The rejection of dynamic systems is one of the most-objectionable things about AI safety today, and one which marks it as philosophically reactionary. Only dynamic systems have any chance of allowing both stability and growth. Only through random evolutionary processes were humans able to develop values and pleasures unknown to bacteria. To impose a static “final value” on all life today would prevent any other values from ever developing, unless those values exist at a higher level of abstraction than the “final value”. But the final values which led to human values were first simply to obey the laws of physics, and then to increase the prevalance of certain genotypes. AI safety researchers never think in terms of such low-level values. The high-level values they propose as final are too high-level to allow the development of any new values of that same level.
(Levels of abstraction is what ultimately distinguishes philosophical rationalism from empiricism.

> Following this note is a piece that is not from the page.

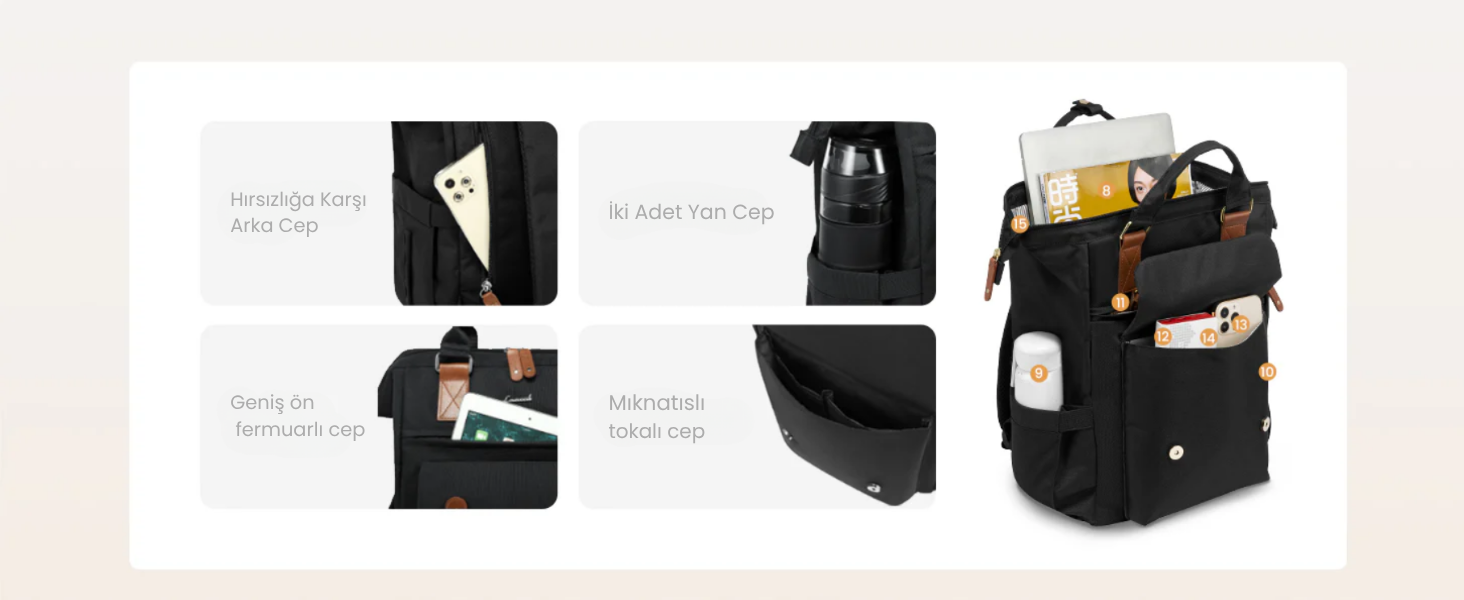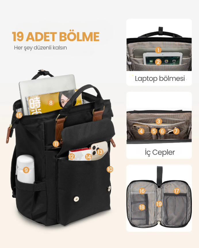 🔒 Arka gizli cep ve fermuarlı iç bölmeler ile değerli eşyalar için ekstra güvenlik.

Both use logic, for instance; but rationalist logic takes words as its atoms, while empiricist logic takes sensory data as its atoms. Both seek to explain the behavior of systems; but rationalism wants that behavior explained at the abstraction level of words, bottoming out in spiritualist words like “morals” and “goals” which are thought to hide within themselves a spirit or essence that remains mysterious to us. Empiricism goes all the way down to correlations between events, from which behavior emerges compositionally.)

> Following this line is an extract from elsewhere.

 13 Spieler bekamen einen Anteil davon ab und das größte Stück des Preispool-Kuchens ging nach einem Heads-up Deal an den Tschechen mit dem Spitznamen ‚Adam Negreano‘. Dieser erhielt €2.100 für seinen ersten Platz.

I think that what we need now is not to tweak timelines, but to recognize that most AI safety work today presumes an obsolete philosophical tradition incompatible with artificial intelligence, and to broaden it to include work with an empirical, scientific epistemology, pursuing not pass-or-fail objectives, but trying to optimize for well-chosen low-level values, which would include things like “consciousness”, “pleasure”, and “complexity”. There’s quite a bit more to say about how to choose low-level values, but one very important thing is to value evolutionary progress with enough randomness to make value change possible. (All current “AI safety” plans, by contrast, are designed to prevent such evolution, and keep values in stasis, and are thus worse than doing nothing at all. They’re motivated by the same rationalist fear of disorder and disbelief that dynamic systems can really self-organize that made ancient Platonists postulate souls as the animating force of life.)

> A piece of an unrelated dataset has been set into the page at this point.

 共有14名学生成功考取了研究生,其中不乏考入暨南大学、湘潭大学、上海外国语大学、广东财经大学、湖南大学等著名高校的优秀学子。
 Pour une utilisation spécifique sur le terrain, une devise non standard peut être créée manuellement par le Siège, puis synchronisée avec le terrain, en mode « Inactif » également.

Such empiricist work will need to start over from scratch, beginning by working out its own version of what we ought to be trying to do, or to prevent. It will prove impossible for any such plans to give us everything we want, or to give us anything with certainty; but that’s the nature of life. (I suggest John Dewey’s The Quest for Certainty as a primer on the foolishness of the Western philosophical tradition of demanding certainty.)
I’d like to try to explain my views, but what would your judges make of it? I’m talking about exposing metaphysical assumptions, fixing epistemology, dissecting semantics, and operationalizing morality, among other things. I’m not interested in updating timelines or probability estimates to be used within an approach that I think would do more harm than good.